# Lockdown freemasonry



## Gordon Michie (Apr 10, 2020)

Evening, 

I am the current RWM of The Lodge, Hope of Kurrachee no 337 in the Province of Fife and Kinross, Grand Lodge of Scotland.

PM of Lodge Earl Haig 1260 and a member of Internet Lodge EC

Exploring more ways to use the web in this strange world we live in just now.


----------



## Glen Cook (Apr 10, 2020)

Welcome.


----------



## Chaz (Apr 10, 2020)

Greetings and welcome to the forum!


----------



## Les Verts (Apr 11, 2020)

Gordon Michie said:


> Evening,
> 
> I am the current RWM of The Lodge, Hope of Kurrachee no 337 in the Province of Fife and Kinross, Grand Lodge of Scotland.
> 
> ...


----------



## Les Verts (Apr 11, 2020)

Very unusual name for a Fife lodge, ken?


----------



## Warrior1256 (Apr 11, 2020)

Greetings and welcome to the forum Brother.


----------



## Brother JC (Apr 14, 2020)

Les Verts said:


> Very unusual name for a Fife lodge, ken?

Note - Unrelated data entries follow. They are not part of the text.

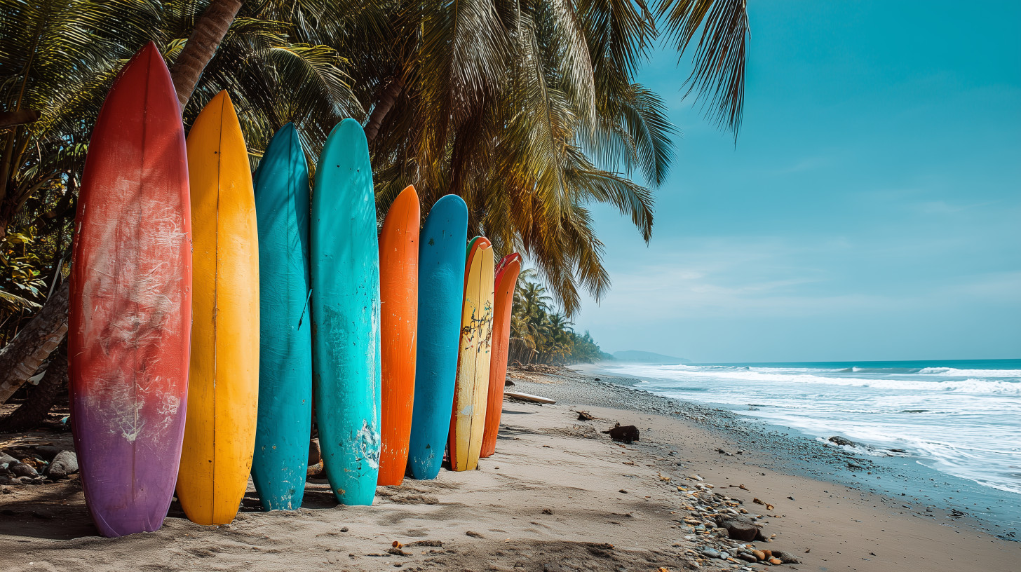 surfboards, beach, ocean, vibrant colors, travel, adventure, summer, palm trees, turquoise, red, yellow, orange, purple
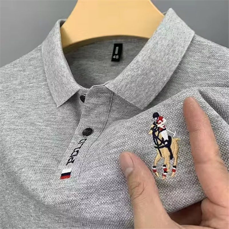 国境を越えた貿易紳士服小麦ポニーマーク刺繍ピケコットンラペルビジネステシャツポロシャツ半袖コレクショントレンド
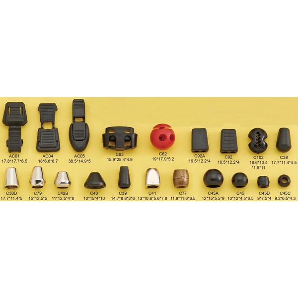 波麗鈕釦、塑膠電鍍扣、真貝鈕釦、椰子鈕釦、木釦、牛仔立釦、金屬鈕釦、四合扣、雞眼、水鑽扣、壓克力鈕釦及其它服飾配件

Constituted in India in 1842... seems quite usual under the circumstances.


----------



## Bloke (Apr 14, 2020)

Greetings and welcome


----------



## Agent orange (Apr 15, 2020)

Gordon Michie said:


> Evening,
> 
> I am the current RWM of The Lodge, Hope of Kurrachee no 337 in the Province of Fife and Kinross, Grand Lodge of Scotland.
> 
> ...



Greetings from darkest Larkhall and Colorado.


Sent from my iPad using My Freemasonry Mobile


----------



## Mark Stockdale (Apr 21, 2020)

So you found the forum then Gordon


----------



## Mike Martin (Apr 21, 2020)

Greetings from Engerland


----------